Stored dataset items
☆ ☆ ☆ ☆ ☆ ☆ ☆

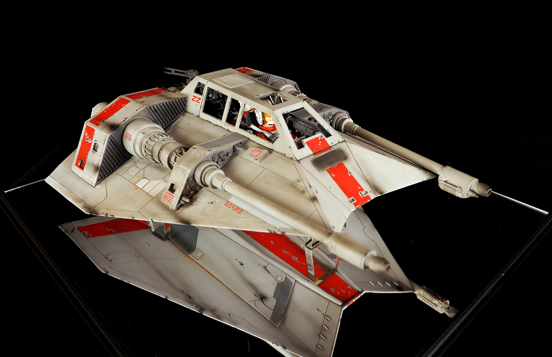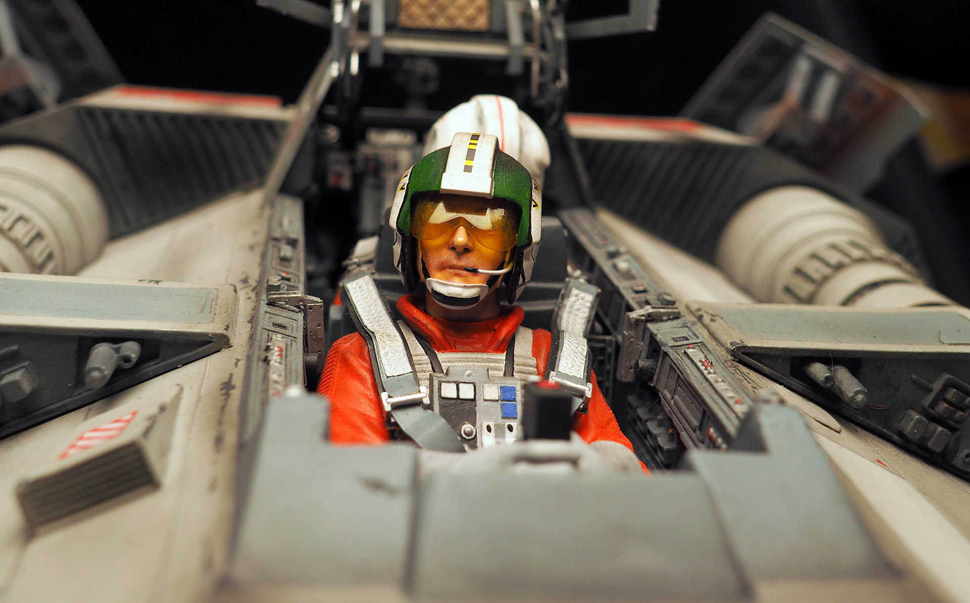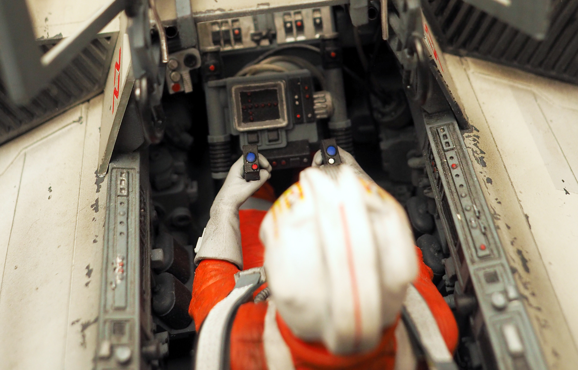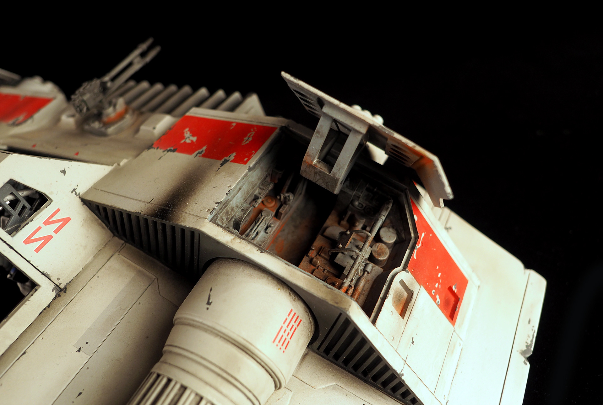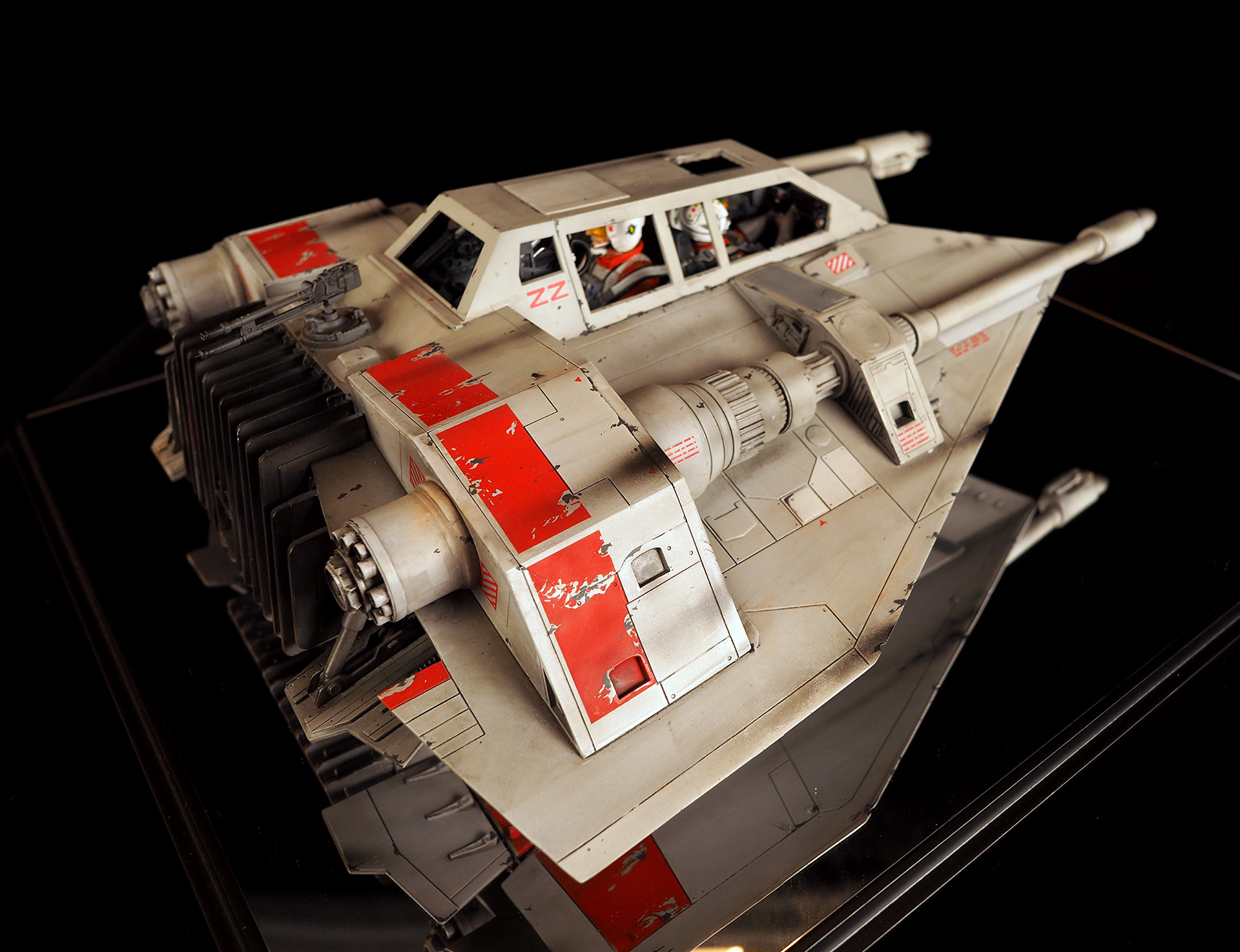This is a Master Replicas Snowspeeder, which was up-detailed and completely repainted. The replica dates back to 2005 or so, and was one of the projects I generated paint masters for, when I was a contractor with Master Replicas. It was a great thing to come full circle with the improved tools and skills i have now, but how quickly one can forget how challenging it is to work with polystone, a very heay and brittle material. The engine boxes were replaced to make way for “air brakes” and their inner bays, and the cockpit was gutted, with two figures added. Various other details were also upgraded and replaced, like the harpoon gun. The body sculpts and Wedge Antilles head sculpt were commissioned by a talented Z-Brush artist, and once again my friend Chris’ head makes an appearance as the harpoon gunner. Fun touches include the quilted canopy headliner, the hoses and wires that echo the 1:1 filming set, and the faux bubble wrap featured on the harnesses!
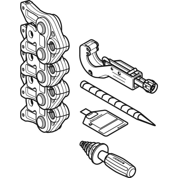 bestehend aus 2x Pressbacken, Rohrschneider, Fettstift mit versenkbarer Mine, gelb, PowerTest, Entgrat- und Kalibrierwerkzeug, servicefrei, Einhändig bedienbar, für Funktionsprüfung mit PowerTest geeignet, zum Verpressen von Mepla Pressfittings
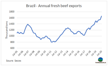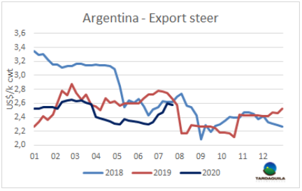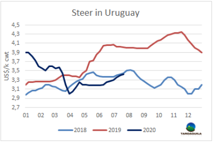 歐盟昨日宣布的大規(guī)模經(jīng)濟(jì)刺激計(jì)劃,以及新冠肺炎疫苗研制進(jìn)展的利好消息,帶動(dòng)了市場(chǎng)的樂觀情緒,推高了主要股指,新興國家貨幣也有升值。昨天巴西雷亞爾增值2.4%,較一周前增值3%,促進(jìn)牛價(jià)堅(jiān)挺。巴西主要出口州育成牛雷亞爾平均價(jià)格上漲了0.7%,美元價(jià)格上漲0.9美分,上漲至2.62美元/公斤。巴拉圭和烏拉圭牛價(jià)保持冬季一直以來的上行趨勢(shì)。巴拉圭閹牛報(bào)價(jià)2.45美元/噸,烏拉圭牛價(jià)要高出1美元,3.43美元/噸。阿根廷出口閹牛比索價(jià)格與上周保持不變,由于比索官方匯率珠江下跌,美元價(jià)格下跌2美分至2.81美元/公斤。南方共同市場(chǎng)活牛價(jià)格指數(shù)本周上漲5美分,上漲至2.74美元/公斤。
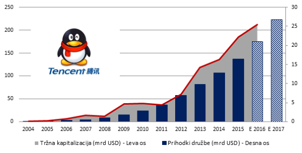 Gibanje prihodkov v primerjavi s tržno kapitalizacijo družbe Tencent
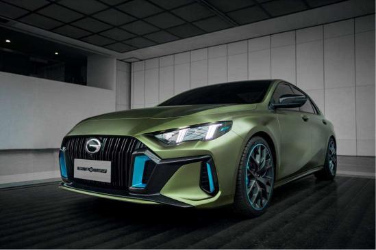 进气格栅两侧则是用亮蓝色挑出了两个进气口,据广汽方面称,前脸的设计灵感来源于"战机",这两个开口像极了战机机腹的进气口。颜色和材质的使用显得十分精致。
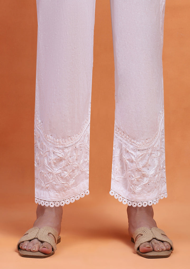 HOC Cotton Chikankari With Mukaish Solid Women's Palazzo - White
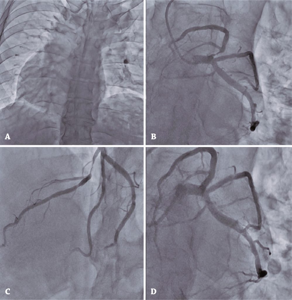 Cinecoronariografia e intervenção coronária percutânea. (A) Dextroposição. (B/C) Grave lesão proximal da descendente anterior. (D) Resultado da intervenção coronária percutânea com implante de stents.
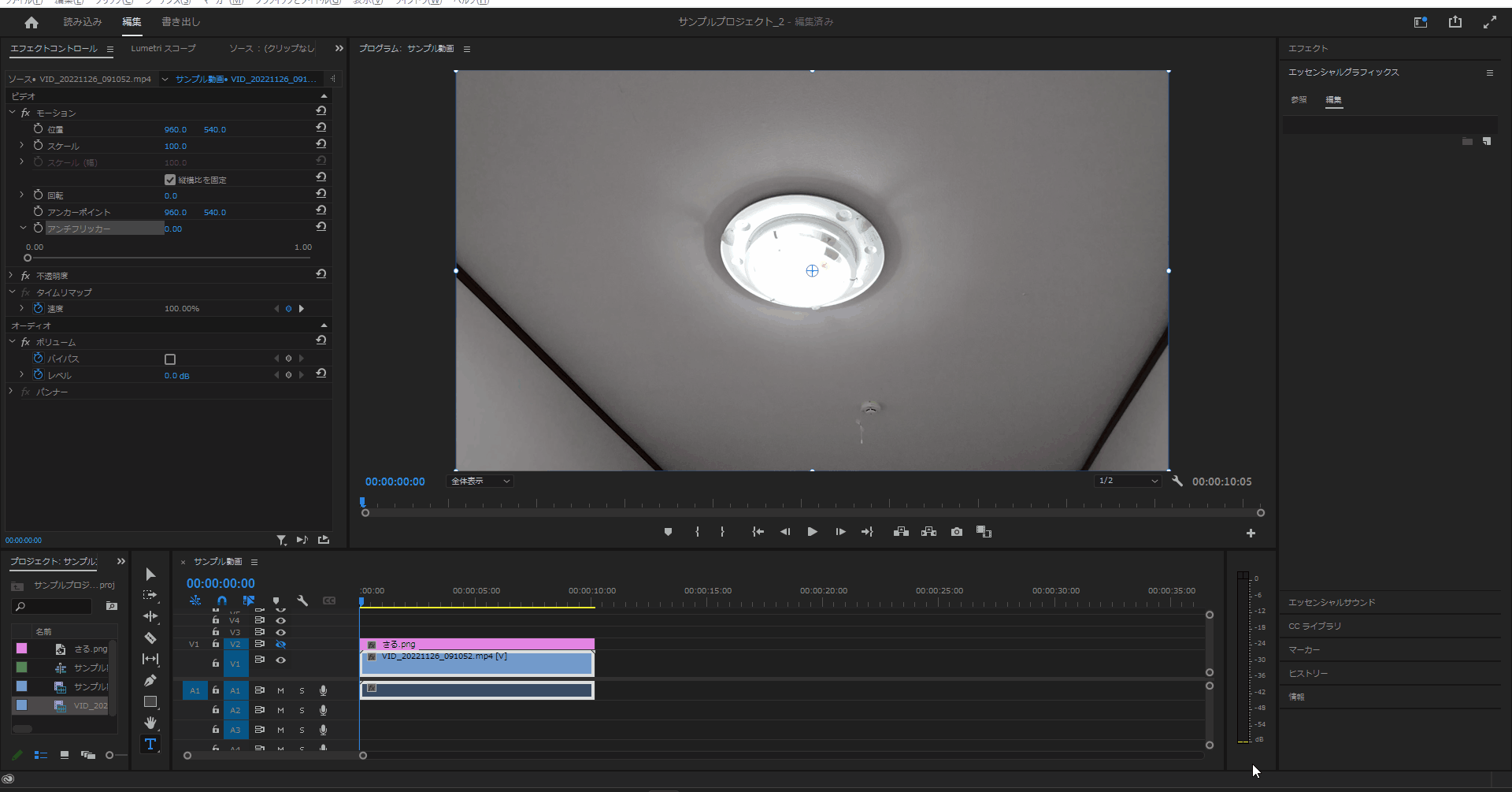4-1.タイムラインに拡大縮小させたいアイテムを置いた状態でエフェクトコントロールの「アンカーポイント」を左上に持ってきます。

☆ ☆ ☆ ☆ ☆ ☆ ☆

[TASK DETAILS] Would you give again, exactly as written, the lines from the one containing "HOC Cotton Chikankari" through the end of the records, with no pictures and no other lines?

[COMPLETED EXERCISE]
 HOC Cotton Chikankari With Mukaish Solid Women's Palazzo - White
 Cinecoronariografia e intervenção coronária percutânea. (A) Dextroposição. (B/C) Grave lesão proximal da descendente anterior. (D) Resultado da intervenção coronária percutânea com implante de stents.
4-1.タイムラインに拡大縮小させたいアイテムを置いた状態でエフェクトコントロールの「アンカーポイント」を左上に持ってきます。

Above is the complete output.